Over the past decade, many OECD countries have introduced new policies to tackle excessive waiting times for elective surgery with some success. However, in the wake of the recent economic downturn and severe pressures on public budgets, waiting times times may rise again, and it is important to understand which policies work.  In addition, the European Union has introduced new regulations to allow patients to seek care in other member states, if there are long delays in treatment.   This book provides a framework to understand why there are waiting lists for elective surgery in some OECD countries and not in others. It also describes how waiting times are measured in OECD countries, which differ widely, and makes recommendations for best practice. Finally, it reviews different policy approaches to tackling excessive waiting times. Some countries have introduced guarantees to patients that they will not wait too long for treatment. These policies work only if they are accompanied by sanctions on health providers to ensure the guarantee is met or if they allow greater choice of health-care providers including the private sector. Many countries have also introduced policies to expand supply of surgical services, but these policies have generally not succeeded in the long-term in bringing down waiting times. Given the increasing demand for elective surgery, some countries have experimented with policies to improve priorisation of who is entitled to elective surgery. These policies are promising, but difficult to implement.

English

Portugal

Waiting lists and waiting times have been an issue for the Portuguese National Health Service (NHS) for a long time. Over the years, several special programmes have attempted to solve the problem. But only after 2005, with the creation of the SIGIC, a waiting time and waiting list management system, do we observe a consistent decrease in waiting times for surgical intervention. The new management system is based on a centralised electronic platform and on a set of rules that allows patients to move within the health system. It also allows for activity-based funding at the margin for hospitals that show the ability to treat more patients in waiting list.
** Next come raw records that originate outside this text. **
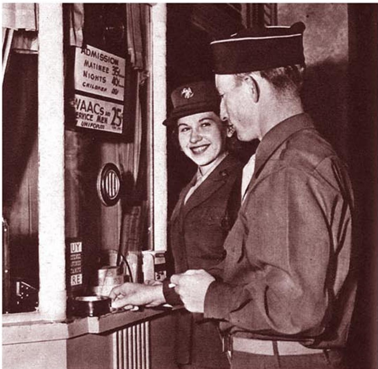
MEETING A DATE IN TOWN to take in a show is a favorite liberty pastime. WAACS, like their beaux in uniform, are entitled to special theater rates (note sign on box-office window). Uptown movie houses, a 20-minute walk from WAAC Tent City barracks, enjoy boom business every week-end.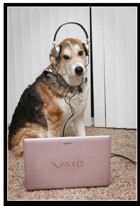
Investigator Fluffy reviews evidence from a recent case, and consequently drools on all of the equipment.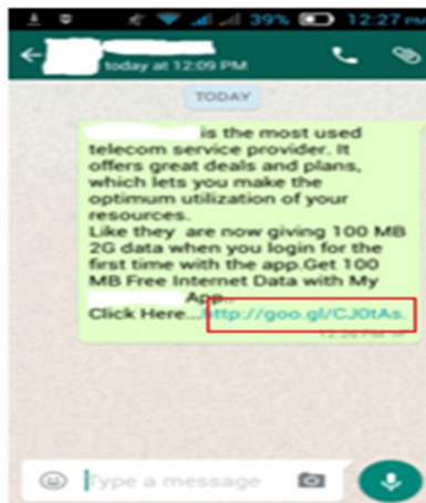
[ Fig.4 Attractive Message ]

figure showed that in Whatsapp sent an attractive message with a malicious link.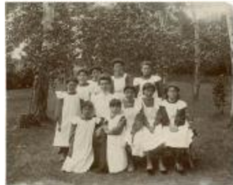
S.S. class, Brandon Industrial Institute (13d-c5711-d12)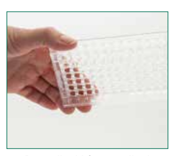
3. Dump liquid from antibody wells.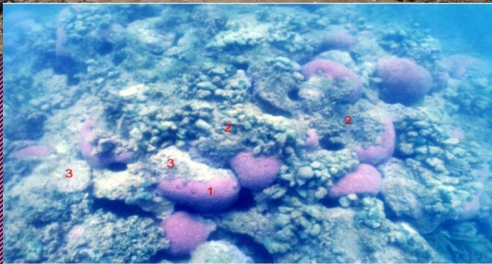
Damage to corals resulting from the incomplete La Paradis Development in Praislin, Saint Lucia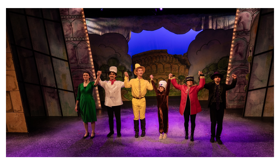
Cast members taking a bow after the performance

At the end of the show, the actors and actresses will bow. During this time, the audience will be clapping to tell the actors they liked the show. I can choose to clap too or cover my ears with my hands or leave my seat to go to the quiet room. I will make the best choice for myself during the times in the show where there are loud noises.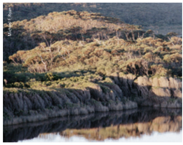
Coastal tea-tree (Leptospermum laevigatum) and eucalypt forest

In southern and eastern Australia, melaleuca forests are confined to more permanently wet watercourses and swamps. The most common coastal species is paperbarked tea-tree ( M. quinquenervia ). In Western Australia, melaleuca forests are restricted to small pockets in specific sites, such as Preiss's paperbark ( M. preissiana ) in nearcoastal swampy areas, and freshwater or swamp paperbark ( M. rhaphiophylla ) on creek lines and watercourses.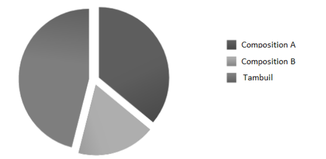
Fig. 1. Diagram of comparison of the amount of carotenoids in the compositions.

The ability to optimize the process of peloid extraction from the Tambukan mud by the ultrasound-assisted extraction has been proven. Offered method for extraction and determination of carotenoid amount in Tambukan mud is less resource- and energy-demanding.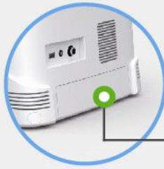
Built-in battery (optional) 2 hours for outdoor use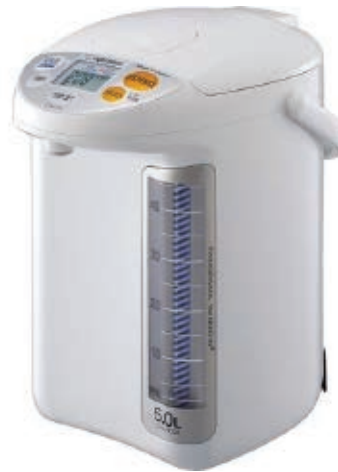
Zojirushi 5 L Hot Water Pot 00325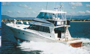
1988 - 52 Enclosed Flybridge

Target (maximum) waiting times were set from the start, and then updated to more demanding values after three years of operation. The SIGIC system allows the transfer of patients to another hospital (either public or private) when 75% of the maximum waiting time is reached. The creation of the IT platform on a centralized basis, under a unified set of rules and procedures and with direct access to hospital data, was key to ensuring a detailed knowledge of waiting lists and waiting times across providers, across procedures and across time. This also allowed for more detailed information to be provided to patients (who now have a frequently updated estimate of the likely moment of intervention). The SIGIC has provided a solution for the problem of excessive waiting times whereas earlier programmes that simply provided additional funds for additional activity had failed.